** Description of the task **
Please repeat each line from the one holding "Κάτι παραπάνω από" through the final line of the data, exactly as it stands, with no pictures.

** Dataset records **
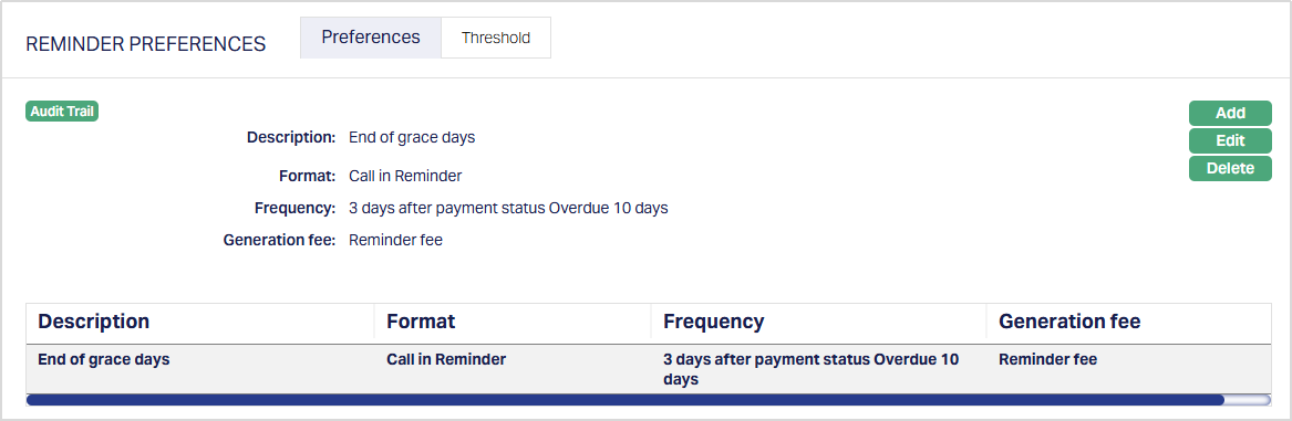 Payment Due On Date will be as follows for the different Holiday Preferences:Preference Payment Due On Date Ignore 26-Dec-2025 Next business day 29-Dec-2025 Previous business day 24-Dec-2025 Enter the holiday preference for grace days for penalty from the Holiday preference (Grace days for penalty) dropdown list. This field specifies the holiday treatment to be applied when the End of Grace Days happens to be a holiday. This field is disabled if Grace Days For Penalty is defined as Business Days. The late payment fee / penalty calculation will start based on this treatment, but with effect from the Due Date. The options available are:
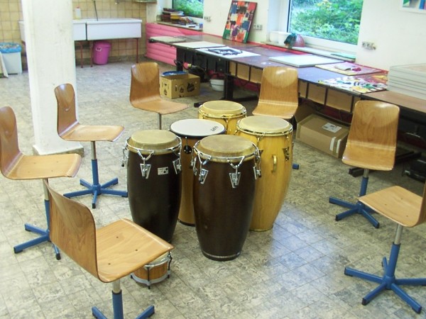 Einmal mit Papa richtig auf die „Pauke“ hauen? In diesem Workshop spielen Kinder mit ihren Vätern auf Congas und andern Percussionsinstrumenten. Auf spielerische Weise wird der Zugang zu den Instrumenten und den Rhythmen erschlossen. Gemeinsam gehen wir auf eine Reise durch viele Länder über mehrer Kontinente und lernen dabei auch Lieder und Spiele aus aller Welt kennen.
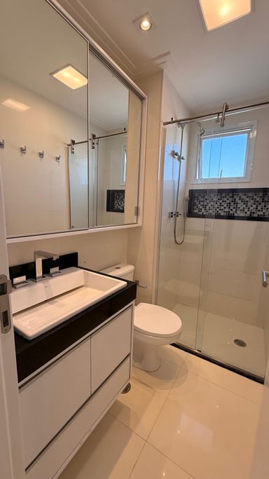 Apartamento localizado em andar alto, de frente, com vista livre, bem iluminado e arejado. Conta com ar-condicionado na sala e em todos os quartos, além de armários planejados em todos os ambientes, proporcionando praticidade e excelente aproveitamento dos espaços.
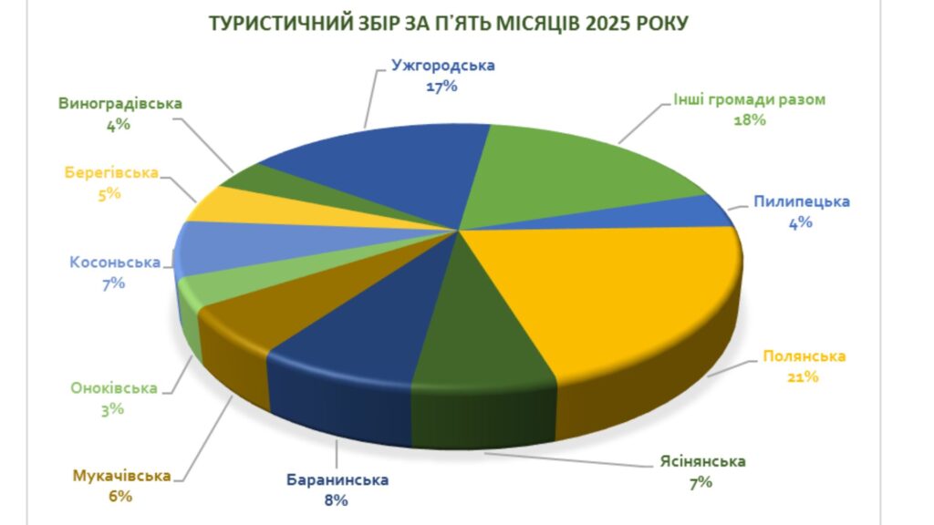 Найбільші суми туристичного збору надійшли до бюджетів територіальних громад: с. Поляна – 2 191,0 тис. грн; м. Ужгород – 1 813,2 тис. грн; с. Баранинці – 812,3 тис. грн; смт. Ясіня – 732,5 тис. грн; с. Косонь – 718,0 тис. грн; м. Мукачево – 620,1 тис. грн; м. Берегове – 520,8 тис. грн; с. Пилипець – 460,5 тис. грн; м. Виноградів – 405,8 тис. грн; с. Оноківці – 376,4 тис. грн.
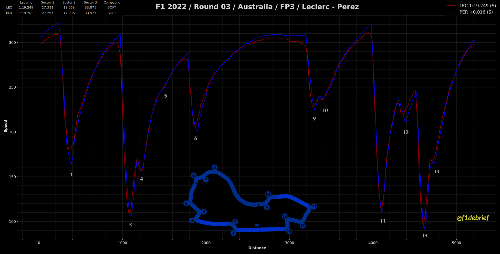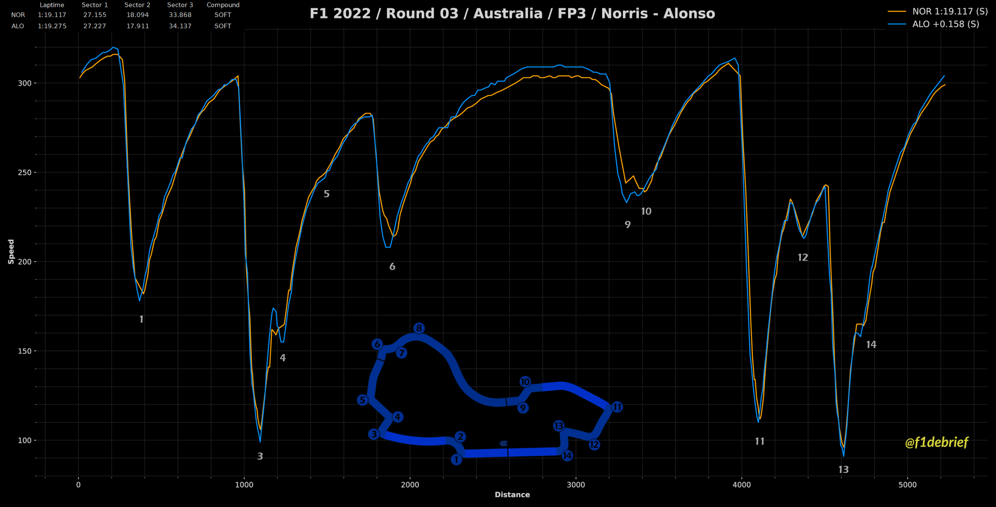 Κάτι παραπάνω από 1 δέκατο του δλ. πίσω από τον Βρετανό βρέθηκαν οι Charles Leclerc και Sergio Perez με διαφορά μόλις 16 χλστ. του δλ. μεταξύ τους. Μόλις 10 χλστ. του δλ. πίσω από τον Μεξικανό, ήταν ο εκπληκτικός Fernando Alonso, που είχε διαφορά 0,9 δλ. από τον team-mate του στην Alpine, Esteban Ocon (13ος). O Ισπανός χρησιμοποιούσε λεπτή πίσω αεροτομή και μαλακές ρυθμίσεις στις αναρτήσεις, χωρίς να αντιμετωπίζει έντονες ταλαντώσεις στις ευθείες. Ο Carlos Sainz βρέθηκε στην 5η θέση, εμπρός από τον τοπικό ήρωα Daniel Ricciardo με τη δεύτερη McLaren, ενώ στην 7η θέση κατετάγη ο Max Verstappen, ο οποίος σημείωσε τον ταχύτερο χρόνο του με τη μέση γόμα.
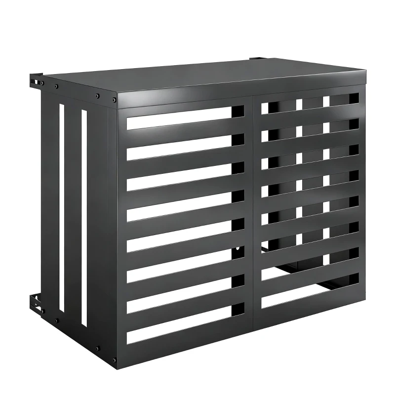 Outsunny Copertura per Condizionatore Esterno, in Acciaio Zincato, Recinzione con Doghe per Giardino, Grigio Scuro
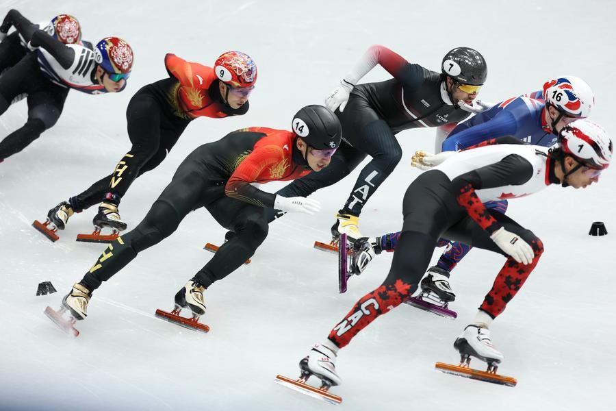14日、ミラノ・コルティナ冬季五輪スピードスケートのショートトラック男子1500メートル決勝に臨む中国の孫竜(そん・りゅう、左から3人目)と劉少昂(左から4人目)。(ミラノ=新華社記者/李明)
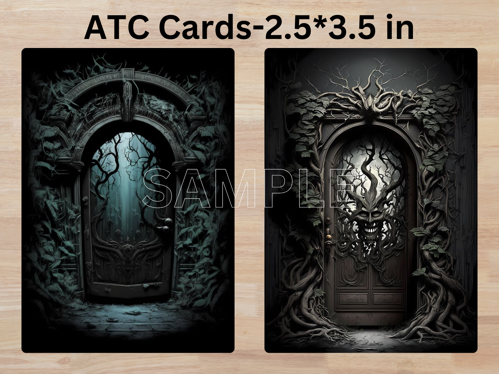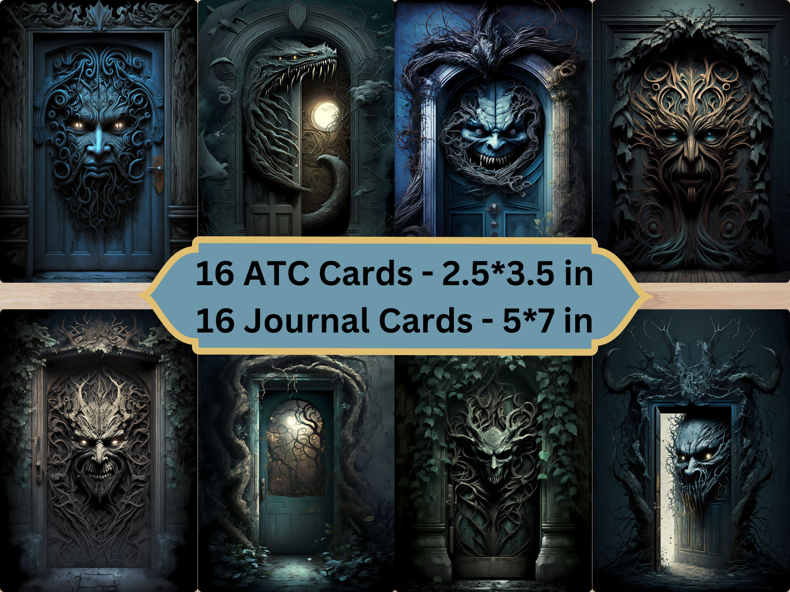Enter a realm of spine-chilling suspense with our collection of "Scary Doors" journal and ATC (Artist Trading Cards) cards. Perfect for journaling, scrapbooking, or creating miniature works of art, our journal and ATC cards will send shivers down your spine and add a touch of suspense to your projects. Use them to create atmospheric collages, haunting bookmarks, or unique gifts for fellow fans of the macabre.

** Answer area **
 Κάτι παραπάνω από 1 δέκατο του δλ. πίσω από τον Βρετανό βρέθηκαν οι Charles Leclerc και Sergio Perez με διαφορά μόλις 16 χλστ. του δλ. μεταξύ τους. Μόλις 10 χλστ. του δλ. πίσω από τον Μεξικανό, ήταν ο εκπληκτικός Fernando Alonso, που είχε διαφορά 0,9 δλ. από τον team-mate του στην Alpine, Esteban Ocon (13ος). O Ισπανός χρησιμοποιούσε λεπτή πίσω αεροτομή και μαλακές ρυθμίσεις στις αναρτήσεις, χωρίς να αντιμετωπίζει έντονες ταλαντώσεις στις ευθείες. Ο Carlos Sainz βρέθηκε στην 5η θέση, εμπρός από τον τοπικό ήρωα Daniel Ricciardo με τη δεύτερη McLaren, ενώ στην 7η θέση κατετάγη ο Max Verstappen, ο οποίος σημείωσε τον ταχύτερο χρόνο του με τη μέση γόμα.
 Outsunny Copertura per Condizionatore Esterno, in Acciaio Zincato, Recinzione con Doghe per Giardino, Grigio Scuro
14日、ミラノ・コルティナ冬季五輪スピードスケートのショートトラック男子1500メートル決勝に臨む中国の孫竜(そん・りゅう、左から3人目)と劉少昂(左から4人目)。(ミラノ=新華社記者/李明)
Enter a realm of spine-chilling suspense with our collection of "Scary Doors" journal and ATC (Artist Trading Cards) cards. Perfect for journaling, scrapbooking, or creating miniature works of art, our journal and ATC cards will send shivers down your spine and add a touch of suspense to your projects. Use them to create atmospheric collages, haunting bookmarks, or unique gifts for fellow fans of the macabre.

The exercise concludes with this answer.